##### Given entries
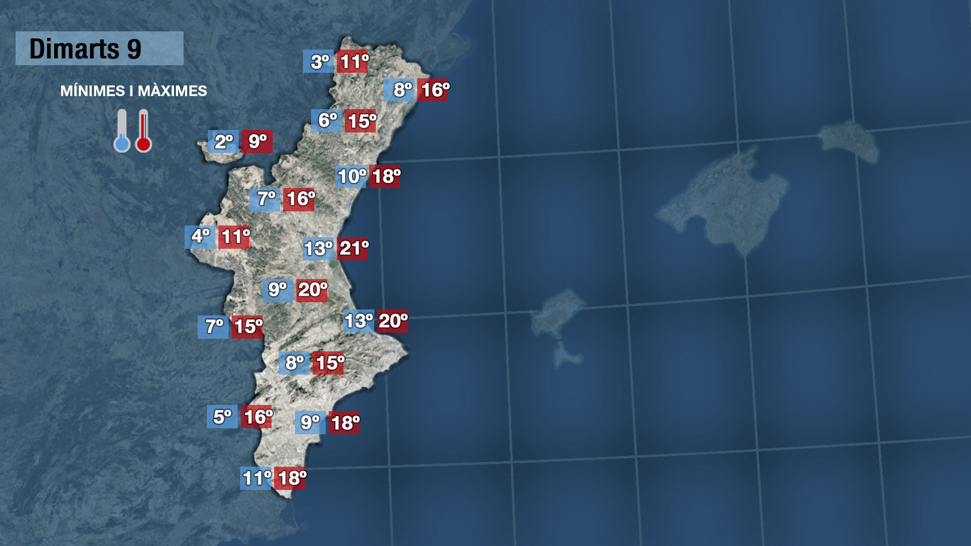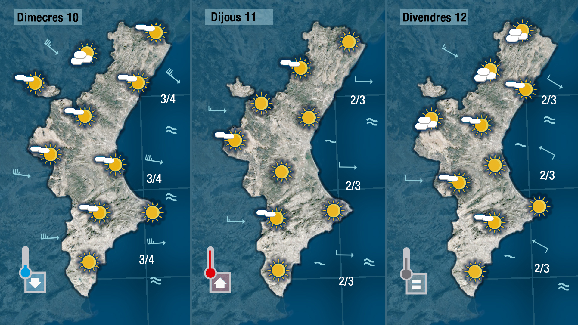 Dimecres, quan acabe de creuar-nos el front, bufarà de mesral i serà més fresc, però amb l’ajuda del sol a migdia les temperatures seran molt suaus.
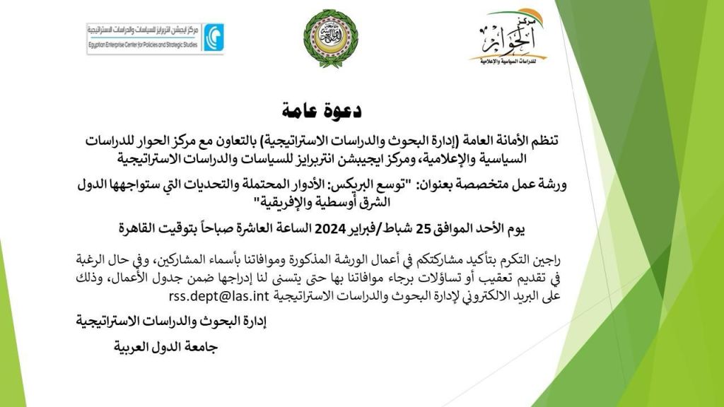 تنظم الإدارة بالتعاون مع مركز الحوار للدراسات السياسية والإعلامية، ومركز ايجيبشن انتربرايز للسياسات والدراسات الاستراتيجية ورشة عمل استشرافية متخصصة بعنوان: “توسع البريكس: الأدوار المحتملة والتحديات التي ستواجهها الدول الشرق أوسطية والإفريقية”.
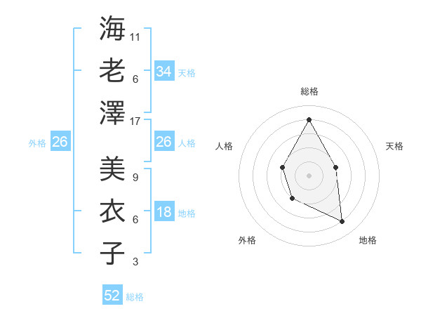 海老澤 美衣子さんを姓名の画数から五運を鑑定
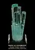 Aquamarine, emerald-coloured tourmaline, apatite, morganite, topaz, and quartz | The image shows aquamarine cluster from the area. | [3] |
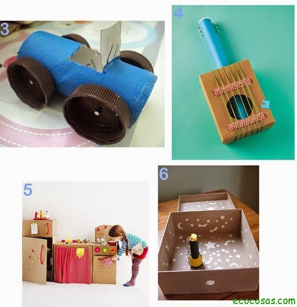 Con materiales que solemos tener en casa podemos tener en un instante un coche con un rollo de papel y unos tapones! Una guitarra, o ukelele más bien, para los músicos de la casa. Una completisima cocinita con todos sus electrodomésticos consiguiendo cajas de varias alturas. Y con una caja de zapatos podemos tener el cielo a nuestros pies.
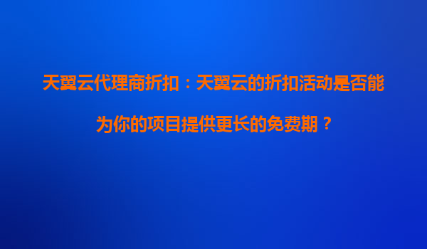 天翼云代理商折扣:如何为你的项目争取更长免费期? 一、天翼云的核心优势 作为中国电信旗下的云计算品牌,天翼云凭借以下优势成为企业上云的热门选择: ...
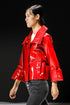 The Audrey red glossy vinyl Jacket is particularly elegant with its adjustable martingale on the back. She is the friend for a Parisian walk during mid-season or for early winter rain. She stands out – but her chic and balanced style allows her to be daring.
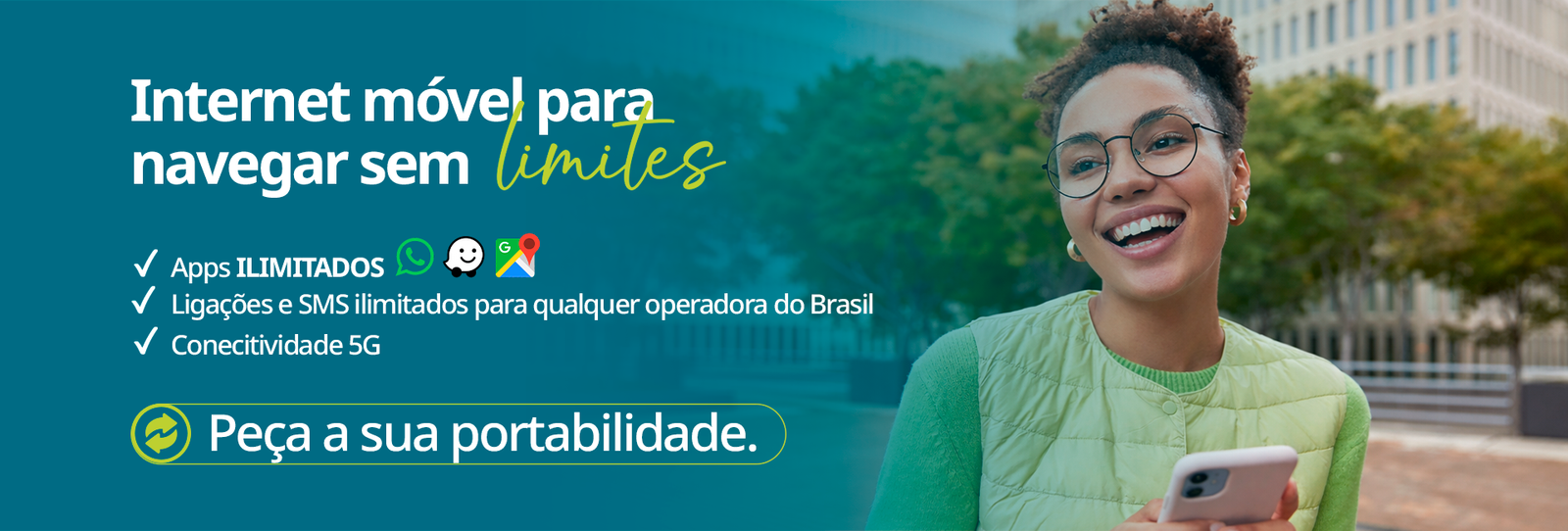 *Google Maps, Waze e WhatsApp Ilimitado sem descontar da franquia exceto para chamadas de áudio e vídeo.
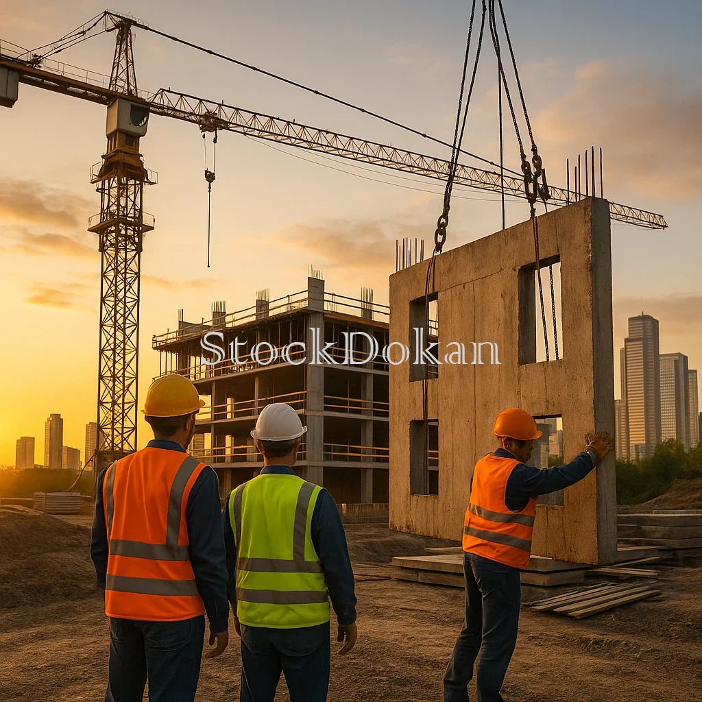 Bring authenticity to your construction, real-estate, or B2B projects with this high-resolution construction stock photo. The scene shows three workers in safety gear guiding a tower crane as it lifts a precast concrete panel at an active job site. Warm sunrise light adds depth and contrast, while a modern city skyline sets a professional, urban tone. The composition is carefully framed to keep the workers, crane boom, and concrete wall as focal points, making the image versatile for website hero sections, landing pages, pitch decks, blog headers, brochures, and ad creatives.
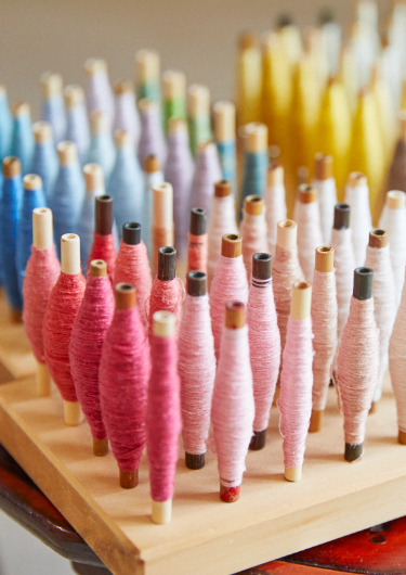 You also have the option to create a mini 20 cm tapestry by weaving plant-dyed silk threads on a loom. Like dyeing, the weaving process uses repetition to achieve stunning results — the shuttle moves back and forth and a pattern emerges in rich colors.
##########
Task to carry out:
Copy out every line of the material above exactly, skipping the pictures.

Response to the task:
 Dimecres, quan acabe de creuar-nos el front, bufarà de mesral i serà més fresc, però amb l’ajuda del sol a migdia les temperatures seran molt suaus.
 تنظم الإدارة بالتعاون مع مركز الحوار للدراسات السياسية والإعلامية، ومركز ايجيبشن انتربرايز للسياسات والدراسات الاستراتيجية ورشة عمل استشرافية متخصصة بعنوان: “توسع البريكس: الأدوار المحتملة والتحديات التي ستواجهها الدول الشرق أوسطية والإفريقية”.
 海老澤 美衣子さんを姓名の画数から五運を鑑定
 Aquamarine, emerald-coloured tourmaline, apatite, morganite, topaz, and quartz | The image shows aquamarine cluster from the area. | [3] |
 Con materiales que solemos tener en casa podemos tener en un instante un coche con un rollo de papel y unos tapones! Una guitarra, o ukelele más bien, para los músicos de la casa. Una completisima cocinita con todos sus electrodomésticos consiguiendo cajas de varias alturas. Y con una caja de zapatos podemos tener el cielo a nuestros pies.
 天翼云代理商折扣:如何为你的项目争取更长免费期? 一、天翼云的核心优势 作为中国电信旗下的云计算品牌,天翼云凭借以下优势成为企业上云的热门选择: ...
 The Audrey red glossy vinyl Jacket is particularly elegant with its adjustable martingale on the back. She is the friend for a Parisian walk during mid-season or for early winter rain. She stands out – but her chic and balanced style allows her to be daring.
 *Google Maps, Waze e WhatsApp Ilimitado sem descontar da franquia exceto para chamadas de áudio e vídeo.
 Bring authenticity to your construction, real-estate, or B2B projects with this high-resolution construction stock photo. The scene shows three workers in safety gear guiding a tower crane as it lifts a precast concrete panel at an active job site. Warm sunrise light adds depth and contrast, while a modern city skyline sets a professional, urban tone. The composition is carefully framed to keep the workers, crane boom, and concrete wall as focal points, making the image versatile for website hero sections, landing pages, pitch decks, blog headers, brochures, and ad creatives.
 You also have the option to create a mini 20 cm tapestry by weaving plant-dyed silk threads on a loom. Like dyeing, the weaving process uses repetition to achieve stunning results — the shuttle moves back and forth and a pattern emerges in rich colors.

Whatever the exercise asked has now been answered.